- Bayside Gardens, Oregon Location within Oregon Bayside Gardens, Oregon Location within the United States
- Coordinates: 45°42′52″N 123°54′59″W﻿ / ﻿45.71444°N 123.91639°W
- Country: United States
- State: Oregon
- County: Tillamook

Area
- • Total: 0.99 sq mi (2.57 km^{2})
- • Land: 0.99 sq mi (2.57 km^{2})
- • Water: 0 sq mi (0.00 km^{2})
- Elevation: 43 ft (13 m)

Population (2020)
- • Total: 1,214
- • Density: 1,224.6/sq mi (472.81/km^{2})
- Time zone: UTC-8 (Pacific (PST))
- • Summer (DST): UTC-7 (PDT)
- Area code: 503
- FIPS code: 41-04925
- GNIS feature ID: 2611715

= Bayside Gardens, Oregon =

Unincorporated community in the state of Oregon, United States

Bayside Gardens is an unincorporated community in Tillamook County, Oregon, United States.
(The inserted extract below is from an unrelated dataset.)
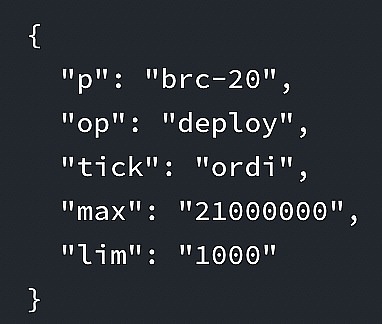 这是Ordi的代币部署铭文信息,就是将这个内容刻录到聪上,这笔交易被打包就完成了铭文的部署。这里“p”,规定了是BRC-20,“op”是行为类型,这里Deploy是部署,另外其他的有“Mint”铸造、“Transfer”转移。“max”就是代币的总量。“lim”就是一张铭文包含的代币最大的数量。

It lies along Route 101 between Manzanita and Nehalem and borders Nehalem Bay. For statistical purposes, the United States Census Bureau has defined Bayside Gardens as a census-designated place (CDP). The census definition of the area may not precisely correspond to local understanding of the area with the same name. As of the 2020 census, Bayside Gardens had a population of 1,214.
==Demographics==

Historical population
| Census | Pop. | Note | %± |
| 2020 | 1,214 |  | — |
U.S. Decennial Census

==Education==
It is in the Neah-Kah-Nie School District 56. The district's comprehensive high school is Neah-Kah-Nie High School.

The county is in the Tillamook Bay Community College district.